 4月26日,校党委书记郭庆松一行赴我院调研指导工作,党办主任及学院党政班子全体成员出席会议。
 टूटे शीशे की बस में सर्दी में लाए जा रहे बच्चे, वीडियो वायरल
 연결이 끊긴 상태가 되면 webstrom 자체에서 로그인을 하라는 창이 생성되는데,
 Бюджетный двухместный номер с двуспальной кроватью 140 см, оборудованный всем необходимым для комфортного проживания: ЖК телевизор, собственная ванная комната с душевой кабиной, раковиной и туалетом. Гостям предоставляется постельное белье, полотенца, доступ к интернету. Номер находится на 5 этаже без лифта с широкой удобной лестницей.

···

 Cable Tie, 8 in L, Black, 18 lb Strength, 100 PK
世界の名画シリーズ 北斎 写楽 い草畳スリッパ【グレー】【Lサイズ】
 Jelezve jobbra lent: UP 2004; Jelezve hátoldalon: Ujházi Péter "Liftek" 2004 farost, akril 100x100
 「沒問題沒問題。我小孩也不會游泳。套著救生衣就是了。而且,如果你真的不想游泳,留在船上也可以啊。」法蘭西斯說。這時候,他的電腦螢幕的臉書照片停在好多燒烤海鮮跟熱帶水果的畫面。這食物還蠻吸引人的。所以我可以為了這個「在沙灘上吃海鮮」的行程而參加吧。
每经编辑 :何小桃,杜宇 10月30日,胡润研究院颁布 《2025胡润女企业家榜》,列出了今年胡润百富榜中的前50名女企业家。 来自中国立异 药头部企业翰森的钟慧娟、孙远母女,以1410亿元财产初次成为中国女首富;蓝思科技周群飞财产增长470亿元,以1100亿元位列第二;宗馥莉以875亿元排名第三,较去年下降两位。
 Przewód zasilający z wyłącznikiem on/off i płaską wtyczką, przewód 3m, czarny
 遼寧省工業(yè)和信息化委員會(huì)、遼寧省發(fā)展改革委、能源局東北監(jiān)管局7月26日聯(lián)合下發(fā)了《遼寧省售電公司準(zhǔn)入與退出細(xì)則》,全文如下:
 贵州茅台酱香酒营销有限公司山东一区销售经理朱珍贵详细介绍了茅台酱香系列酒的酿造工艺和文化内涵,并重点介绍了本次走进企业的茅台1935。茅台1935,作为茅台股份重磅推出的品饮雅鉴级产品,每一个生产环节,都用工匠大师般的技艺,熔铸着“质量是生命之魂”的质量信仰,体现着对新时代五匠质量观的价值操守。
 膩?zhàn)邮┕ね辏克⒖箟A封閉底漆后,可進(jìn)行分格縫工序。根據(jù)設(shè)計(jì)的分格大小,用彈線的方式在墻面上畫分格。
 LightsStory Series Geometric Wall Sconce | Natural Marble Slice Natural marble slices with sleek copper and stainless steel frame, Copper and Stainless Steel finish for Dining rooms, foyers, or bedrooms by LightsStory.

···

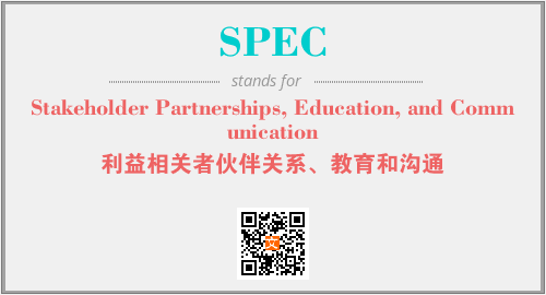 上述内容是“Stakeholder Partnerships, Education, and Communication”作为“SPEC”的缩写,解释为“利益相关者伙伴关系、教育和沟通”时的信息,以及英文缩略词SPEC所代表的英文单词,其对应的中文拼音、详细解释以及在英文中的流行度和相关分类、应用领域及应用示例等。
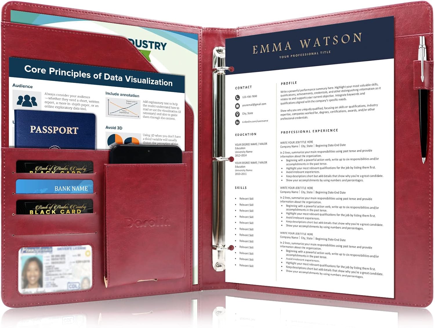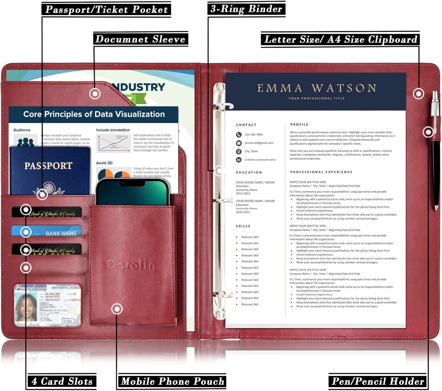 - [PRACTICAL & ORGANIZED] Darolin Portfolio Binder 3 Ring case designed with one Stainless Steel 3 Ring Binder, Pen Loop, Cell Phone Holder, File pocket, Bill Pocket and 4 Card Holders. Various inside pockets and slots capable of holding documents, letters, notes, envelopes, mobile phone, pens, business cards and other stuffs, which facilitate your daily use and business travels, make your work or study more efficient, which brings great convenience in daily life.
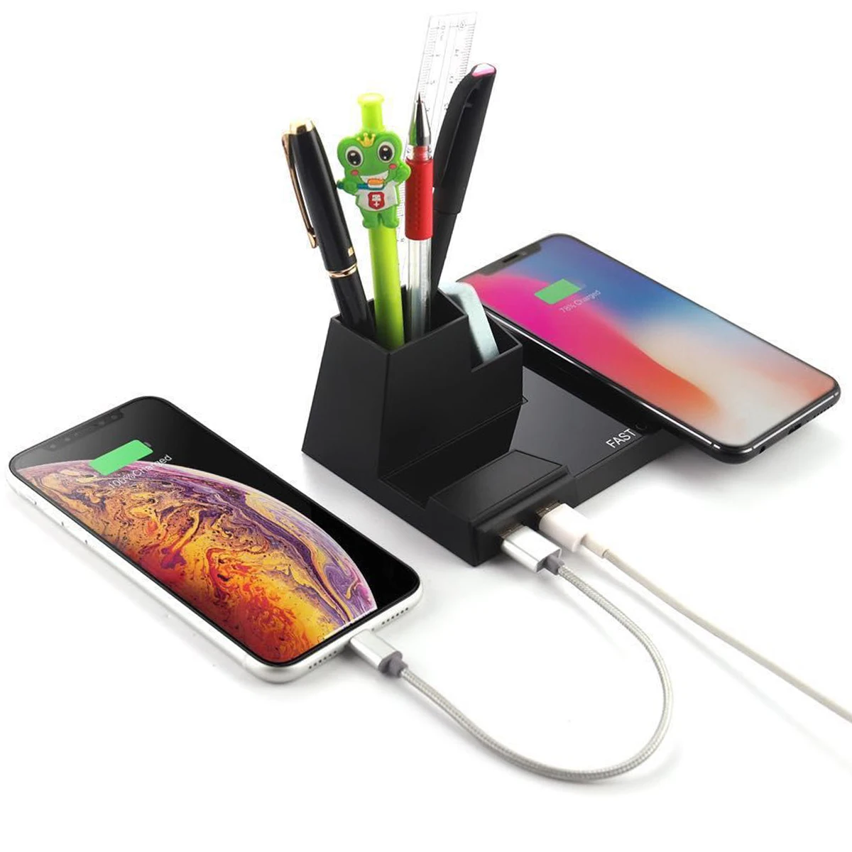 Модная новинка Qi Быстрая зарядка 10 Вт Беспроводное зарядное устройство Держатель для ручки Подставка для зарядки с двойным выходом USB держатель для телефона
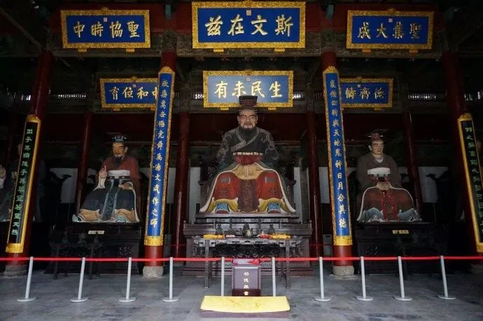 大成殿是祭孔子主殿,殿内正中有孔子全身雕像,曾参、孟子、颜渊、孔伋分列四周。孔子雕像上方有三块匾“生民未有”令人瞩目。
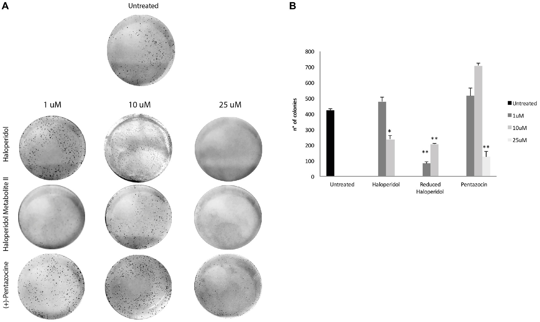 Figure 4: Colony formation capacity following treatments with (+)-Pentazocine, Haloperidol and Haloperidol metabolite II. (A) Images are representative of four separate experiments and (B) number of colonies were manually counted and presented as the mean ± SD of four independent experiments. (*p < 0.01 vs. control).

···

When you reach the line with "- [PRACTICAL &" in the records above, begin repeating the lines exactly, and stop after the line with "大成殿是祭孔子主殿,殿内正中". Skip all pictures.

◆ **SOLUTION FOR THIS EXERCISE**:
 - [PRACTICAL & ORGANIZED] Darolin Portfolio Binder 3 Ring case designed with one Stainless Steel 3 Ring Binder, Pen Loop, Cell Phone Holder, File pocket, Bill Pocket and 4 Card Holders. Various inside pockets and slots capable of holding documents, letters, notes, envelopes, mobile phone, pens, business cards and other stuffs, which facilitate your daily use and business travels, make your work or study more efficient, which brings great convenience in daily life.
 Модная новинка Qi Быстрая зарядка 10 Вт Беспроводное зарядное устройство Держатель для ручки Подставка для зарядки с двойным выходом USB держатель для телефона
 大成殿是祭孔子主殿,殿内正中有孔子全身雕像,曾参、孟子、颜渊、孔伋分列四周。孔子雕像上方有三块匾“生民未有”令人瞩目。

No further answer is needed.